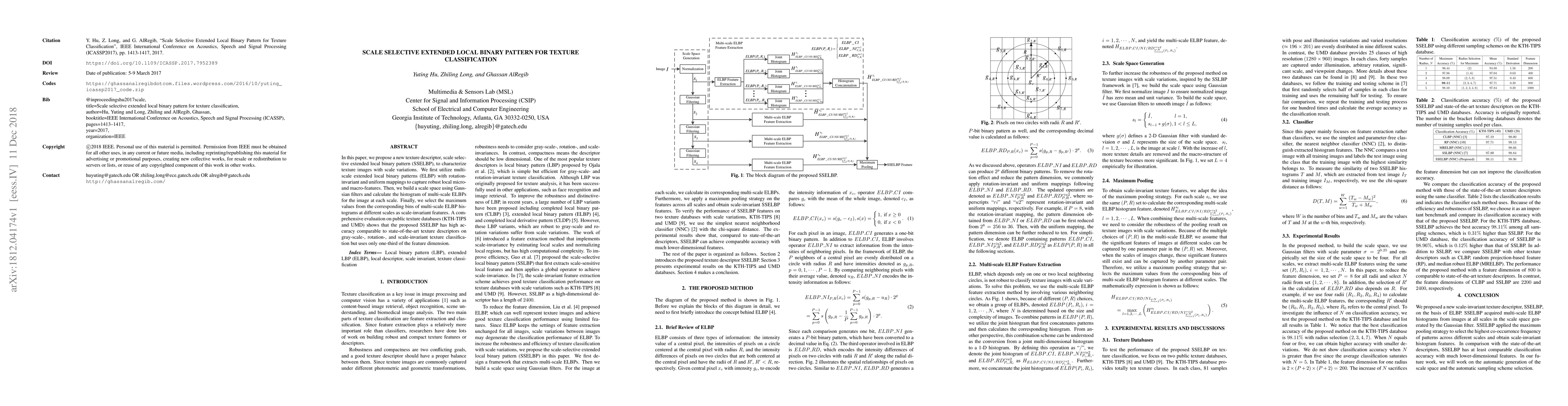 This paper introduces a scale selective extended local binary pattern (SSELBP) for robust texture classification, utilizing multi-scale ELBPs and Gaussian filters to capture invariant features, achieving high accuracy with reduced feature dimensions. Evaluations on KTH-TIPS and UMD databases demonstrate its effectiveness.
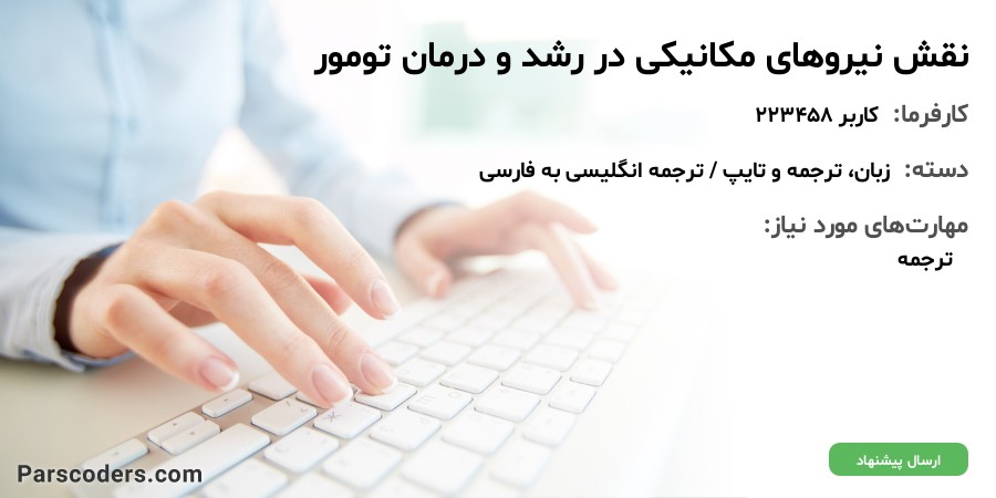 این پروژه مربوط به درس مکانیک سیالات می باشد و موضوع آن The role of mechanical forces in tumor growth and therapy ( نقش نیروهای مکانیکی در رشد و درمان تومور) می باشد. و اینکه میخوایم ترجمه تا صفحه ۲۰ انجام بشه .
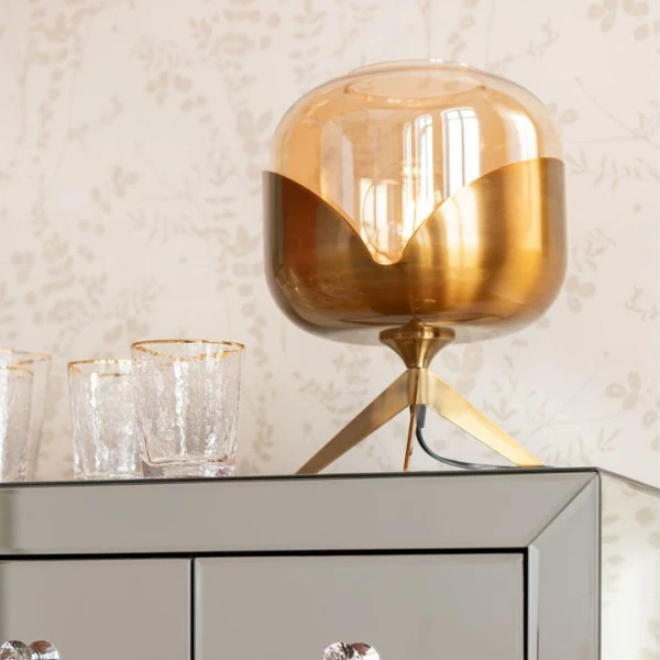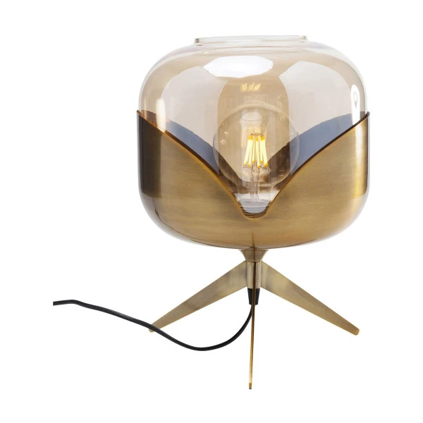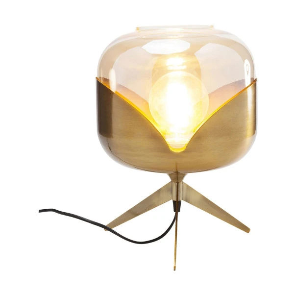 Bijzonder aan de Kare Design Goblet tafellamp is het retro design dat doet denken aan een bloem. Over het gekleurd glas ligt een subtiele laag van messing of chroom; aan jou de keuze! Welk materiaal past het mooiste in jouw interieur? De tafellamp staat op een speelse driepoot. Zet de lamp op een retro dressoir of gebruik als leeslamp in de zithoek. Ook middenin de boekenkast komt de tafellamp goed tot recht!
____________________
Make an exact copy of the listing above. Its pictures are not needed.

[ANSWER TO THIS PROBLEM]:
 This paper introduces a scale selective extended local binary pattern (SSELBP) for robust texture classification, utilizing multi-scale ELBPs and Gaussian filters to capture invariant features, achieving high accuracy with reduced feature dimensions. Evaluations on KTH-TIPS and UMD databases demonstrate its effectiveness.
 این پروژه مربوط به درس مکانیک سیالات می باشد و موضوع آن The role of mechanical forces in tumor growth and therapy ( نقش نیروهای مکانیکی در رشد و درمان تومور) می باشد. و اینکه میخوایم ترجمه تا صفحه ۲۰ انجام بشه .
 Bijzonder aan de Kare Design Goblet tafellamp is het retro design dat doet denken aan een bloem. Over het gekleurd glas ligt een subtiele laag van messing of chroom; aan jou de keuze! Welk materiaal past het mooiste in jouw interieur? De tafellamp staat op een speelse driepoot. Zet de lamp op een retro dressoir of gebruik als leeslamp in de zithoek. Ook middenin de boekenkast komt de tafellamp goed tot recht!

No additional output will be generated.